» **ASSIGNMENT**
Copied exactly and without pictures, the lines from the beginning of the entries through the one that holds "Pão francês tipo" should form the entire reply.

» **DATA FOR REVIEW**
--- START ---
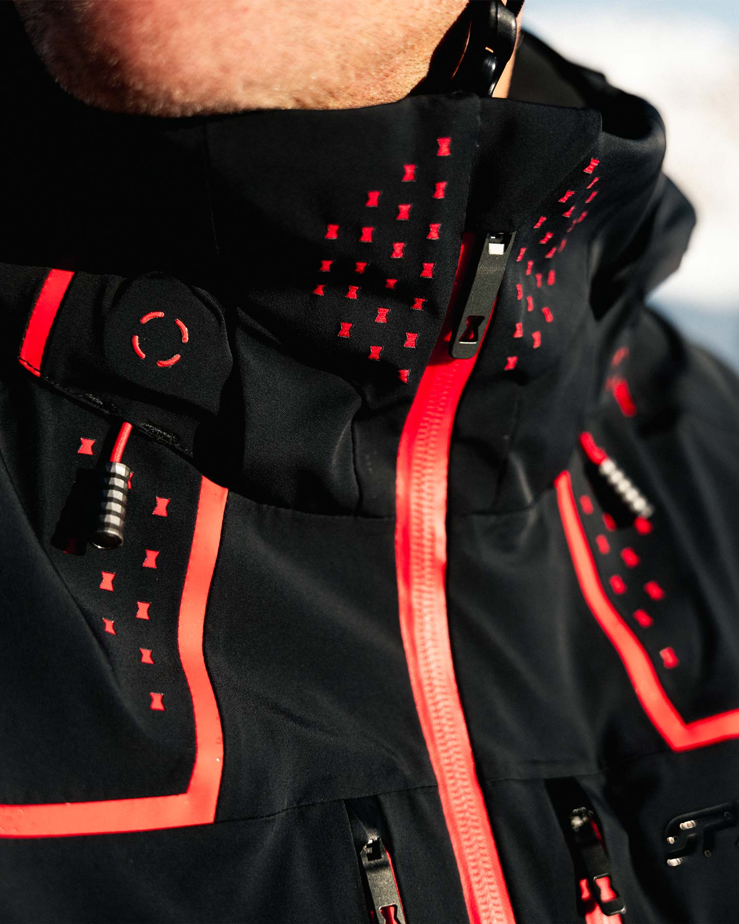 - Internal data card pocket under right sleeve cuff zipper
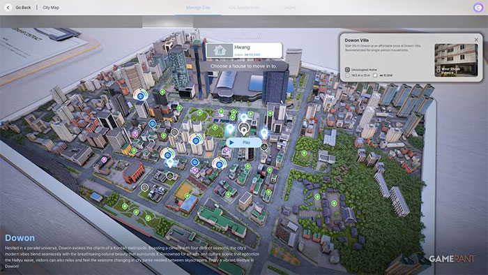 Sau khi tạo và đặt tên cho Zois, người chơi sẽ cần chọn một thành phố để sinh sống, mỗi thành phố mang đến một nét thẩm mỹ, văn hóa và trải nghiệm khác nhau trên thế giới.
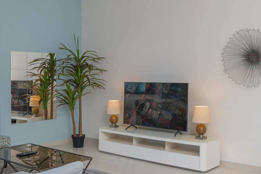 • Bright living space with cosy seating and Smart TV
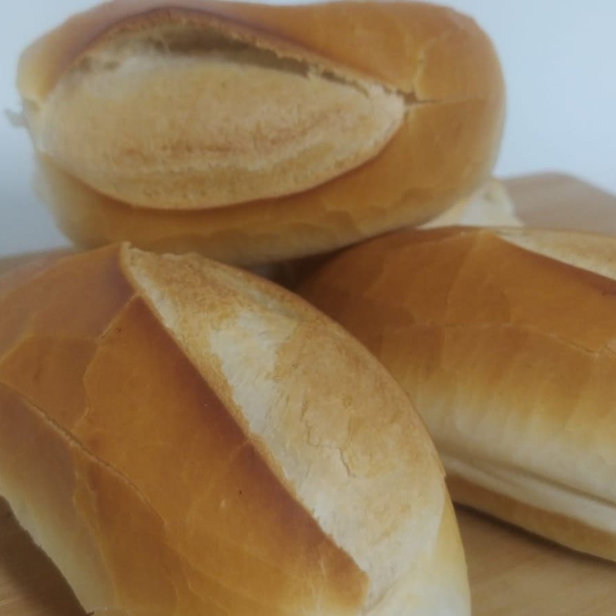 Pão francês tipo integral feito no forno a lenha com manteiga na chapa.
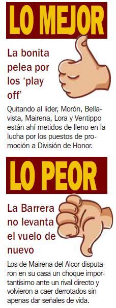 Así comenzó el fin de semana, con un Lora-Pilas que se acabaron llevando los locales por un 2-0 y que les permite seguir al acecho de los puestos de 'play off'. El Pilas está decimosexto, en descenso con trece puntos. La Rociera volvió a vencer en su feudo por 2-0 también ante el Pedrera, lo que le corta un poco las alas de escalar puestos en la clasificación. El Bellavista, con treinta y dos puntos, le vino bien el empate obtenido en casa del siempre difícil Camas (2-2) para asaltar el tercer puesto. Por último, el Morón-Ventippo fue otro de los encuentros de la parte media-alta, y finalizó con empate a uno. El Morón es segundo con treinta y tres puntos, mientras que el Ventippo es sexto con veintiocho.
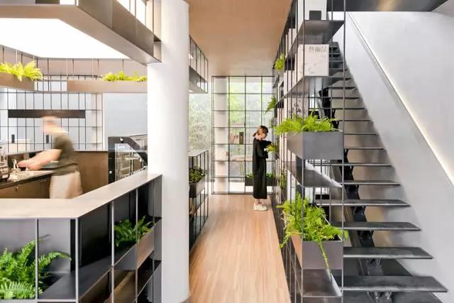▼沿河的立面用節奏較為舒緩的矩形空間排布開來
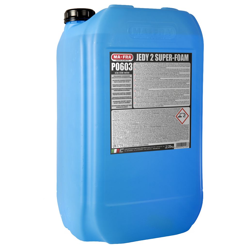Ett av marknadens absolut bästa skummande alkaliska förtvättmedel både för bil, lastbil och entreprenadfordon. Skummar mycket, kraftfull och rengör väldigt effektivt, doftar härligt och är samtidigt säker på alla olika material som kan finnas på bilar och lastbilar. Tack vare att den torkar långsamt och klarar lite högre temperaturer så passar den extra bra till lastbilar och andra stora fordon där medlet får ligga på och verka lite längre. Men självklart fungerar den lika bra även till vanliga bilar. Löser trafikfilm, insekter, fågelspillning, dieselrinningar och allmän organisk smuts. Mycket koncenterad och ekonomisk i brukslösning, cirka 2kr/L. I den här produkten har Mafra hittat den perfekta balansen mellan tvättstyrka, säkerhet och användarvänlighet. 80% av våra företagskunder använder sig av denna produkten, 100% är mycket nöjda!
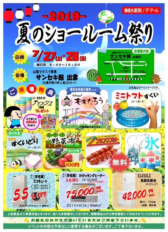 7月27日(土)、28日(日) 山陰セキスイ商事サンセキ館出雲
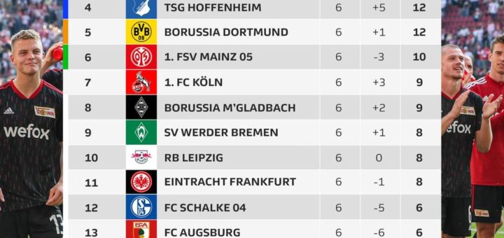 Sorpresivamente el Unión Berlin es el líder de la Bundesliga con 14 puntos luego de 6 jornadas disputadas. Freiburg es segundo con 13 unidades y el Bayern Múnich tercero con 12. A continuación, los...
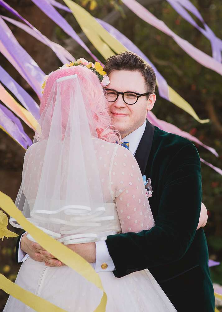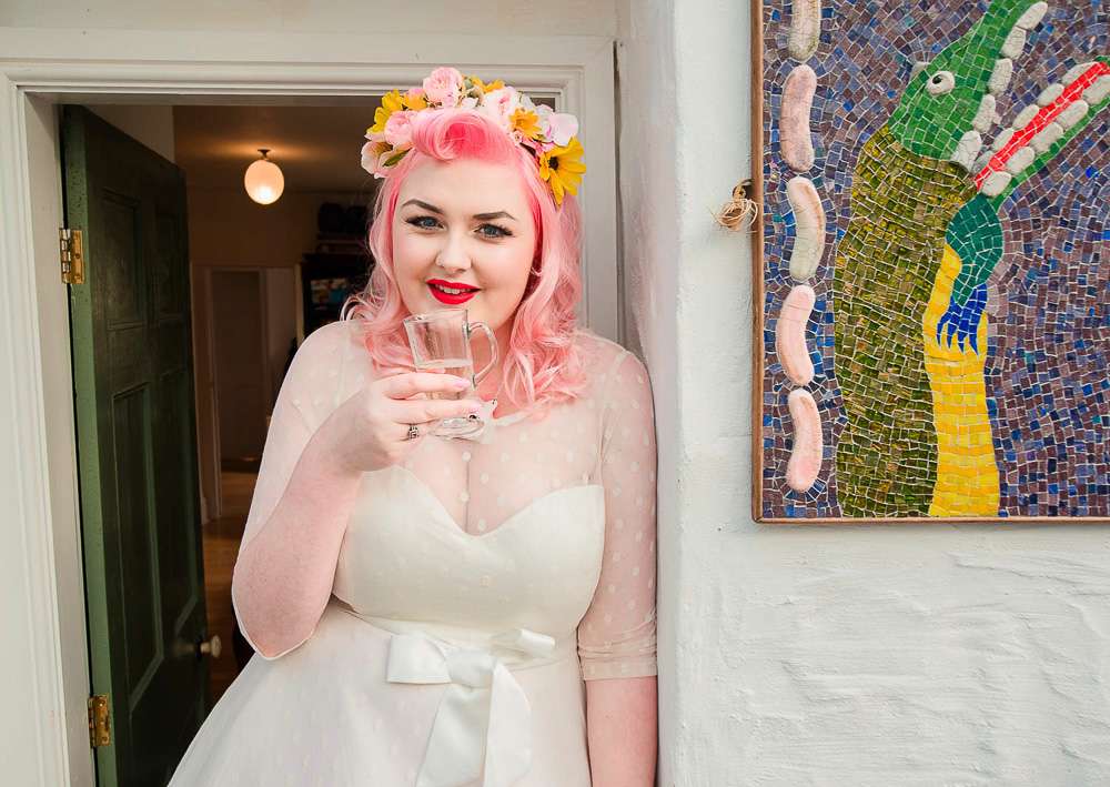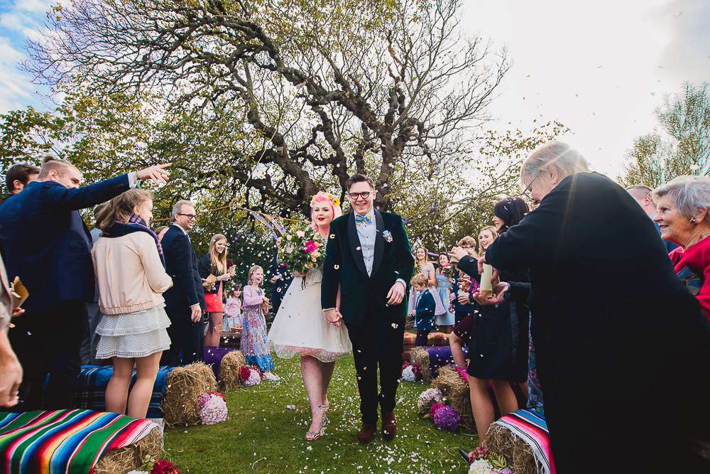 Their second ceremony actually ended up being the bride’s favourite part of the day. “Personally it was one of my favourite parts of the whole day and I am so so glad we decided to go ahead with a ceremony. It was in the front garden of my mum’s house so it cut out any stress of having to get somewhere on time, we got ready in my bedroom and stepped out of the front door when it was time. It also meant we could have our cats there with us. I originally had hoped to walk them down the aisle and had been practising with them with leads but they were a little stressed out with all the people around so we decided it was best to leave them inside. It was so fab to have them scampering around when we were getting ready though! I left all of the setting up of the garden to Lukasz and my family so it was the best feeling to step outside and see it made up so beautifully and colourfully with hay bales, streamers and cat pom pom bunting tied to shovels!”
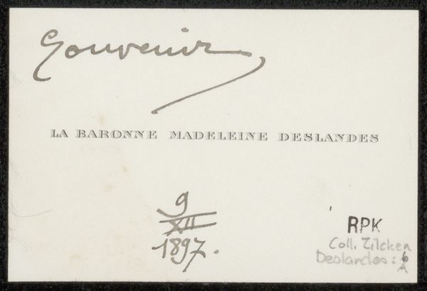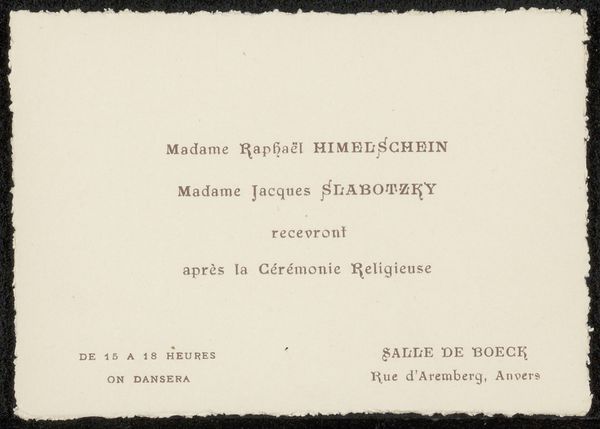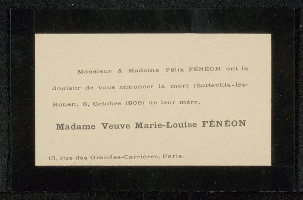 Curator: Looking at this intimate mixed-media print on paper, one feels a palpable sense of quiet grief. Editor: Indeed. This is "Overlijdensbericht aan Philip Zilcken," a death announcement dating from after 1913. The text is entirely in French and announces the passing of Madame Félix Buhot, née Henrietta Johnston, to Monsieur Jean Buhot. It communicates this painful loss to acquaintances. I can delve into the history of death announcements if you would like. Curator: It’s powerful how a seemingly simple piece of typography can evoke so much. But looking beyond its immediate melancholic effect, the class is quite evident. There's a formality implied in announcing deaths this way, signaling bourgeois societal customs that dictate not just mourning but public demonstrations of mourning within tightly regulated societal spaces. I think a deep study into such materials can unlock key understandings of the era's performative sadness and its relationship to status. Editor: Precisely. These announcements were not just personal expressions; they were carefully constructed performances adhering to specific social codes and expectations, often linked to religious practices. Consider, for example, how the text explicitly mentions that religious services were celebrated at the Saint-Georges Anglican Church before the burial. The family is highlighting their position within Parisian society by referencing particular churches. Furthermore, the printer's information – G. Trouvain, a Parisian firm – underscores that the family circulated within a very particular local milieu. Curator: Absolutely, and I can’t help but see a potential reflection on evolving ideas of gender and lineage. The announcement places considerable importance on Henrietta Johnston’s maiden name, underscoring the matrilineal dimension of identity – it brings to mind debates in feminist studies regarding how women's identities are perceived across historical landscapes. Did Johnston retain ties to specific networks connected through her maiden name? This sort of ephemera is so revealing of how familial relations were negotiated publicly. Editor: I agree entirely. And if we also consider that the intended recipient was a man—Monsieur Jean Buhot—this opens further avenues for interpretation related to inherited name, patriarchal lines, and public visibility for male familial figures in early 20th-century Parisian society. Curator: A small piece of paper holding entire social universes within its fibers! Editor: Yes, a modest artifact opening boundless doors for deeper understanding.
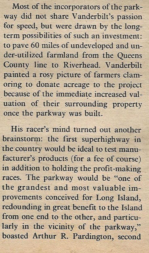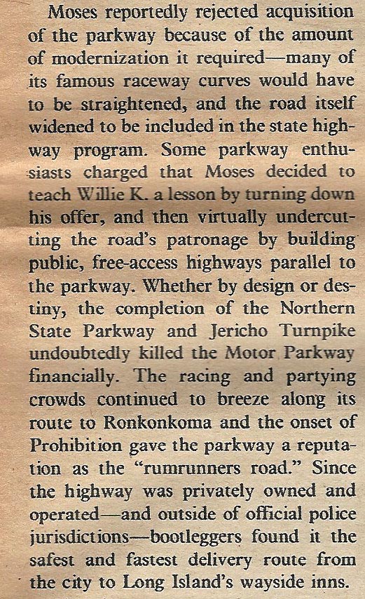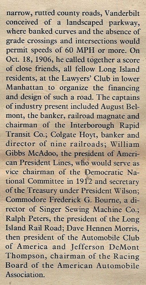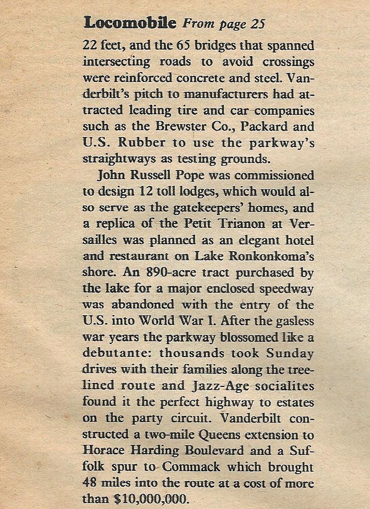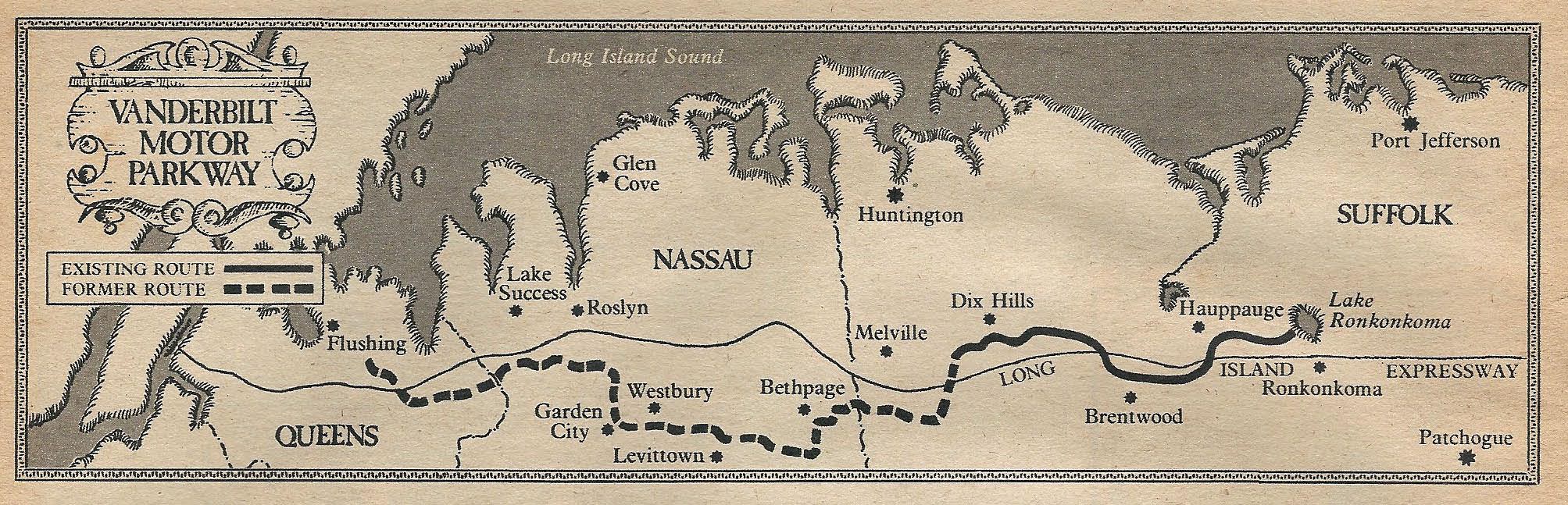 Note: While the article refers to the road as the Vanderbilt Motor Parway, the ccorrect name was always the Long Island Motor Parkway.
--- END ---
» **TASK OUTPUT**
 - Internal data card pocket under right sleeve cuff zipper
 Sau khi tạo và đặt tên cho Zois, người chơi sẽ cần chọn một thành phố để sinh sống, mỗi thành phố mang đến một nét thẩm mỹ, văn hóa và trải nghiệm khác nhau trên thế giới.
 • Bright living space with cosy seating and Smart TV
 Pão francês tipo integral feito no forno a lenha com manteiga na chapa.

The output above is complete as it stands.